To those who are not familiar with tensions in literature, tensions are balances between opposing ideas or elements, such as light versus dark and good versus evil. When discovering these tensions, whether it is directly from the plot or the diction, students are able to comprehend the book more when doing a close reading of these novels. For students reading "The Debutante" by Leonora Carrington, here is an important tension to examine when analyzing this short story.

SEE ALSO: 3 Important Tensions In "One Flew Over The Cuckoo's Nest" Readers Need To Identify


In “The Debutante,” Leonora Carrington incorporates the central tension between confinement and freedom.

From the start of the novel, the young girl feels confined in her role as a debutante. Most likely pressured to act like a debutante, the young girl chooses to live her life without worrying about to how to live up to her expectations as a debutante such as attending balls. Such distaste of her current lifestyle is portrayed when her mother arranges a ball in her honor, in which the girl “suffered."

She rarely likes playing with girls her age; instead, she is usually found “each day at the zoo” with the animals. She feels more comfortable and at ease with people outside of her society.

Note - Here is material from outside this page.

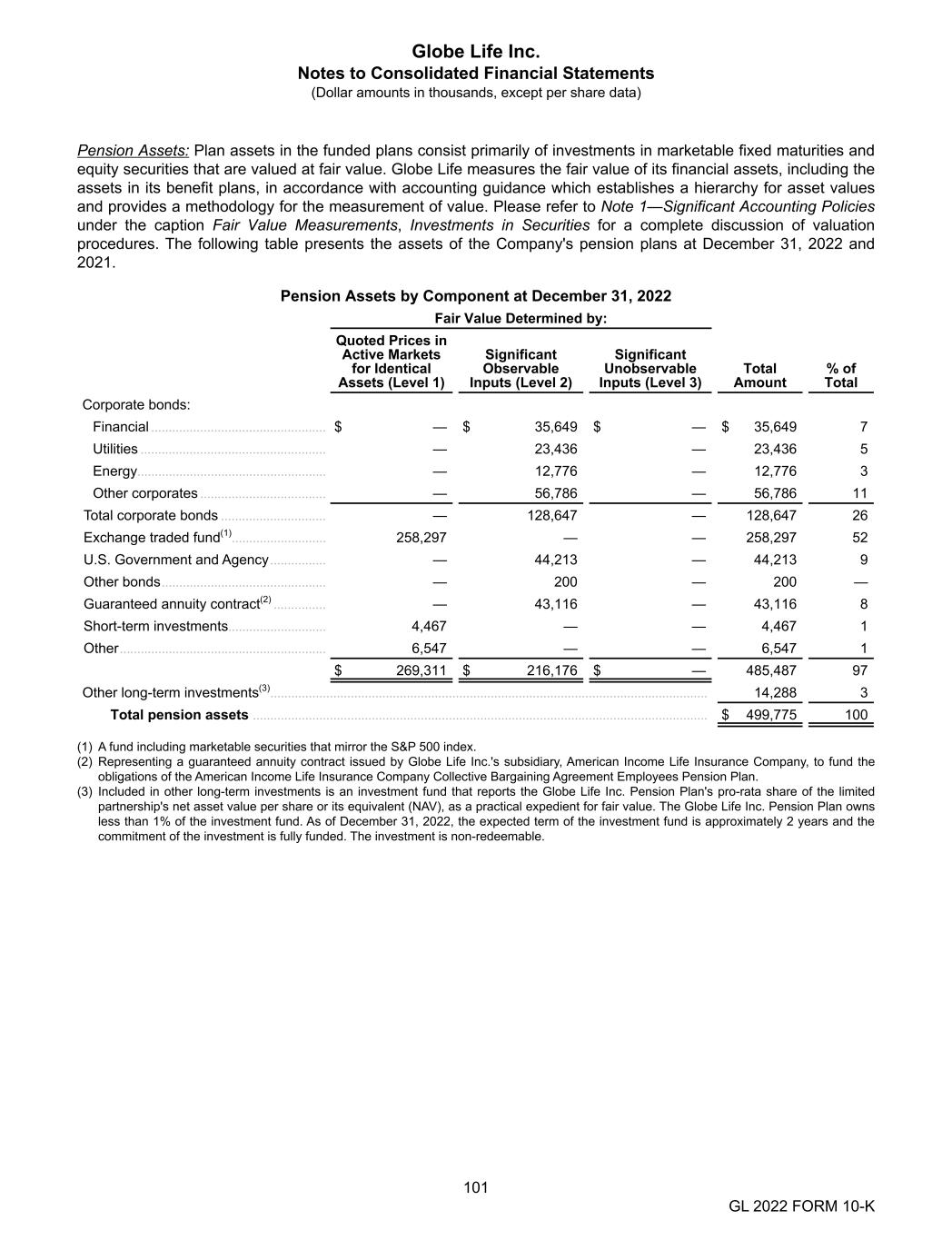 Pension Assets: Plan assets in the funded plans consist primarily of investments in marketable fixed maturities and equity securities that are valued at fair value. Globe Life measures the fair value of its financial assets, including the assets in its benefit plans, in accordance with accounting guidance which establishes a hierarchy for asset values and provides a methodology for the measurement of value. Please refer to Note 1—Significant Accounting Policies under the caption Fair Value Measurements, Investments in Securities for a complete discussion of valuation procedures. The following table presents the assets of the Company's pension plans at December 31, 2022 and 2021. Pension Assets by Component at December 31, 2022 Fair Value Determined by: Quoted Prices in Active Markets for Identical Assets (Level 1) Significant Observable Inputs (Level 2) Significant Unobservable Inputs (Level 3) Total Amount % of Total Corporate bonds: Financial .................................................. $ — $ 35,649 $ — $ 35,649 7 Utilities ..................................................... — 23,436 — 23,436 5 Energy...................................................... — 12,776 — 12,776 3 Other corporates .................................... — 56,786 — 56,786 11 Total corporate bonds .............................. — 128,647 — 128,647 26 Exchange traded fund(1)........................... 258,297 — — 258,297 52 U.S. Government and Agency ................ — 44,213 — 44,213 9 Other bonds............................................... — 200 — 200 — Guaranteed annuity contract(2) ............... — 43,116 — 43,116 8 Short-term investments............................ 4,467 — — 4,467 1 Other........................................................... 6,547 — — 6,547 1 $ 269,311 $ 216,176 $ — 485,487 97 Other long-term investments(3)............................................................................................................................. 14,288 3 Total pension assets .................................................................................................................................. $ 499,775 100 (1) A fund including marketable securities that mirror the S&P 500 index. (2) Representing a guaranteed annuity contract issued by Globe Life Inc.'s subsidiary, American Income Life Insurance Company, to fund the obligations of the American Income Life Insurance Company Collective Bargaining Agreement Employees Pension Plan. (3) Included in other long-term investments is an investment fund that reports the Globe Life Inc. Pension Plan's pro-rata share of the limited partnership's net asset value per share or its equivalent (NAV), as a practical expedient for fair value. The Globe Life Inc. Pension Plan owns less than 1% of the investment fund. As of December 31, 2022, the expected term of the investment fund is approximately 2 years and the commitment of the investment is fully funded. The investment is non-redeemable. Globe Life Inc. Notes to Consolidated Financial Statements (Dollar amounts in thousands, except per share data) 101 GL 2022 FORM 10-K

One of her closest friends at the zoo is the hyena, who is always in her “cage.” Both characters feel restricted inside their own “cages:” the ball for the girl and the hyena’s literal cage at the zoo.

On the other hand, both experienced freedom once they came up with a plan. The hyena is released from her “cage,” and the girl is now released from the pressure of having to attend the ball, also known as “a mess of sh*t.” By doing so, both are free from their previous life since they chose what they wanted to do rather than what their society wished for them to do.

In fact, the young girl did whatever it took to be free, even if it included the death of her maid, which was “all right with [her]” so long as the hyena “agrees to kill [the maid] before removing her face.” This portrays her desperation to get what she wants due to her large dissatisfaction of her childhood life being raised as a debutante to the extent that she is willing to sacrifice an innocent life.

In conclusion, Leonora Carrington implements a central tension between confinement and freedom by describing how both the hyena and debutante feels trapped by society but frees themselves by breaking out of society’s imprisonment.